During the tenure of Brown as Atlanta's police commissioner, efforts rose to diversify Atlanta's police force, which at the time was only 20% African-American officers. The same Atlanta police force in the late 1940s  hired its first African-American police officers; however, it stripped them of enforcing all laws; for instance, black officers were not allowed to arrest white people.

Baldwin remarks not only on the relationship between the African-American community and the police, but specifically, the relationship between said community and African-American police-officers. Some of Atlanta's black officers were Baldwin's guides while reporting in the city, which allowed for Baldwin to observe the officers reactions to the community's view of the black police force. Baldwin compares the relationship between the police and the community in Atlanta to that of his hometown, Harlem. In Harlem, the black officers understood the community distrusted them but Baldwin remarks that it did not matter, and compares this to Atlanta's black officers, who received the same sentiment from their own community, but Baldwin writes, "the knowledge seemed to sting."

A City Too Busy to Care 
On June 21, 1981, Wayne Williams was arrested on the murders of Nathaniel Cater and Jimmy Payne. Commencing on January 6, 1982, the trial was overseen by judge Clarence Cooper. Baldwin gives readers backstory on Cooper, and explains that the then district attorney, Lewis Slaton, both guided prosecutions and aided development of Atlanta's black legal workers. Baldwin ponders Wayne Williams's upbringing, stresses that Williams was never legally accused of 28 murders, and eventually concludes that Williams "must be added to the list of Atlanta's slaughtered black children."

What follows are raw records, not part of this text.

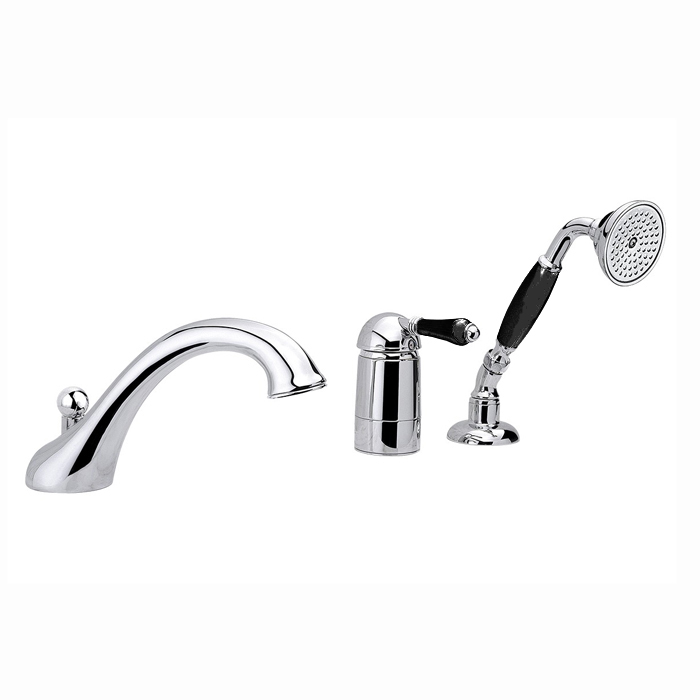 —Nicolazzi Ceramica Nera Смеситель на борт ванны на 3 отверстия, с изливом 200мм и ручным душем, ручки черная керамика, цвет: хром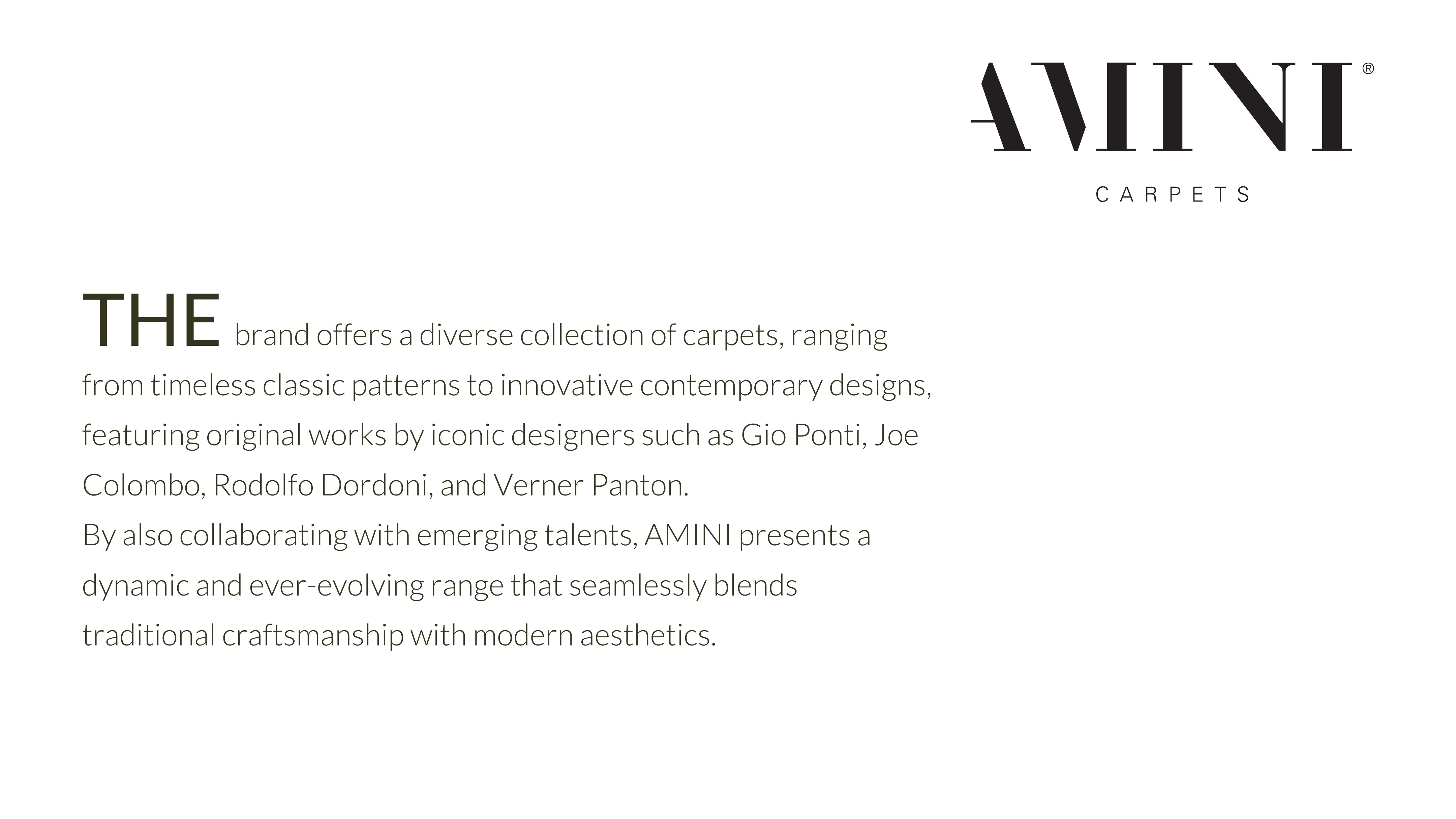 AMINI stands as a dynamic and forward-thinking entity in the world of interior design, distinguished by its unparalleled expertise in conceiving, producing, and marketing an extensive array of carpets. From artisanal masterpieces to precision-engineered creations, from contemporary designs to exclusive limited editions by renowned artists, from bespoke commissions to high-end industrial productions, AMINI seamlessly bridges tradition and innovation. With an impressive inventory of 750,000 square meters of carpets housed in its warehouses and over 3 million pieces managed annually from its expansive logistics hub south of Milan, the brand exemplifies an industrial vision rooted in craftsmanship. This synergy between heritage and efficiency enables a highly responsive, demand-driven production model, ensuring each batch meets the highest standards of quality and customization. Notably, bespoke creations now account for over 25% of AMINI’s total output, a testament to its commitment to tailored luxury and refined individuality.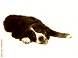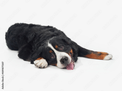 A Bernese Mountain Dog lying on a white background with its tongue out, showing its relaxed demeanor. The dog appears content and calm.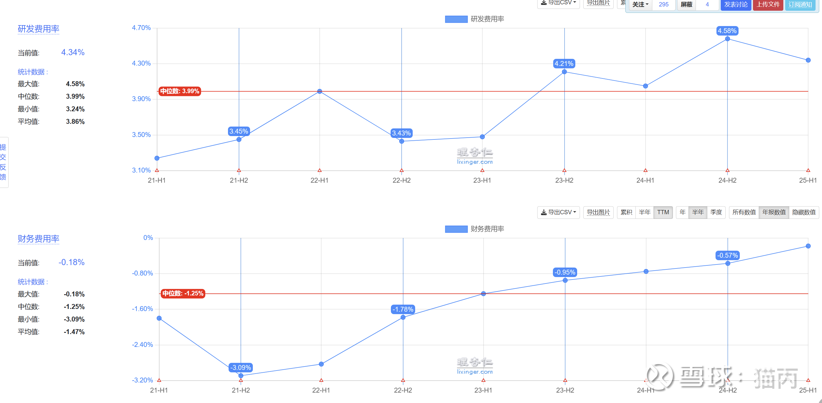 四项费用中,销售费用管理费用呈下降趋势,研发费用增加,财务费用增加(公司可能因业务扩张或资金安排调整,减少了高收益理财产品的配置,导致利息收入下降;市场利率波动也可能影响闲置资金的理财收益。)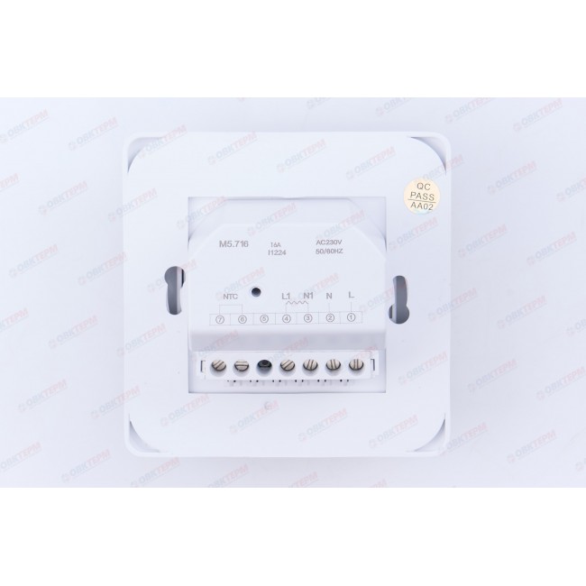 Программируемый терморегулятор TIM M5.716 с возможностью понедельного программирования. Позволяет настроить температурные режимы для 6 периодов, в течение всего дня для более комфортного и экономичного распределения ресурсов. Обладает встроенным датчиком температуры воздуха и температуры пола. Электронный термостат (панель управления комнатный),
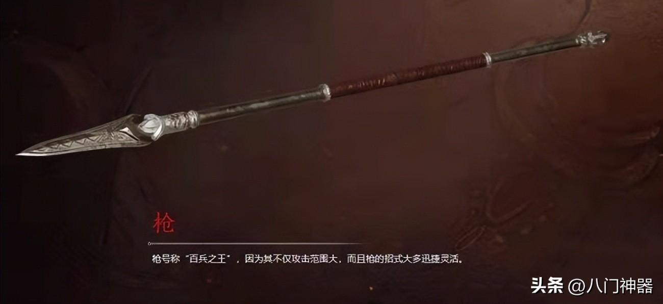 1、枪:枪号称“百兵之王”,因为这个款武器的攻击范围是非常大的,而且枪的招式都比较的迅捷灵活。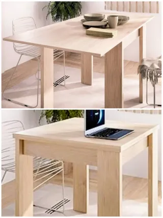 Vendo mesa de cocina extensible con cajón frontal. Medidas: Cerrada: 80 × 40 cm Extendida: 80 × 80 cm Altura: 75 cm La extensión funciona correctamente. Estado usado, tal y como se ve en las fotos. Recogida en ciruelos. No se envía. El comprador se encarga de la recogida.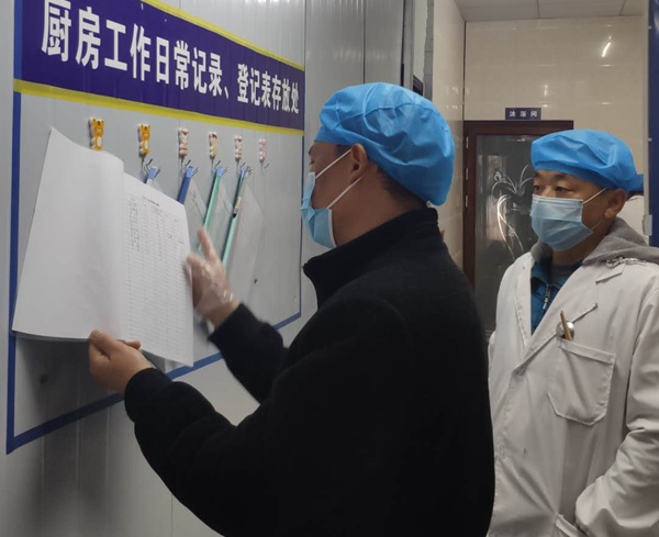 对于医院的生活保障,邓声熔作为总务科科长说:“第一是尽可能减少不必要人员的流动,采取一人一登记的方案。第二是医护和患者的饮水问题,我们直接和饮水公司联系,定点存放饮用水,避免送水人员在病区流动。第三,食堂采取定点定时取餐制。为了让食堂提前运营,我也是大费周章。回族食堂本来预计初八开业,费尽口舌才让他初二营业,当时没有储存的菜品,初二晚售卖的肉都是借来的,但不管怎么说,医院食堂的营业始终解决了全院医护和患者的当务之急。每天我都会去监督食堂的消毒工作,并且教他们如何建立消毒的档案,如何去配比消毒溶液。我们的一线同事在前线很辛苦,让他们“吃好”,是刻不容缓的。”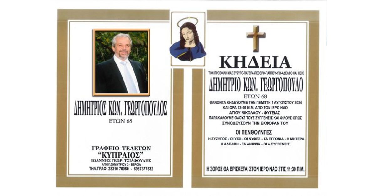 Η κηδεία του θα γίνει την Πέμπτη 1 Αυγούστου 2024 και ώρα από τον Ιερό Ναό Αγίου Νικολάου Φυτειάς.

Baldwin discusses that judge Cooper was born in Decatur, an Atlanta suburb, whereby Cooper could potentially say, "I'm from Atlanta. I'm not from Georgia." Baldwin mentions the original analogy about Harlem: "I'm from Harlem. I'm not from New York." Baldwin asserts the clarity of the claim while stating that both cities are not nations. Baldwin references his own personal interactions with friends in Atlanta who assume the same identity of belonging to a city outside of the nation it belongs to. Baldwin discusses how Atlanta had originated as a railroad town named Terminus. In the 1980s, Atlanta hosted one of the "world's busiest" airports. Baldwin remarks on the success of Atlanta as a commercial hub to highlight what the city placed importance on being "The City Too Busy To Hate."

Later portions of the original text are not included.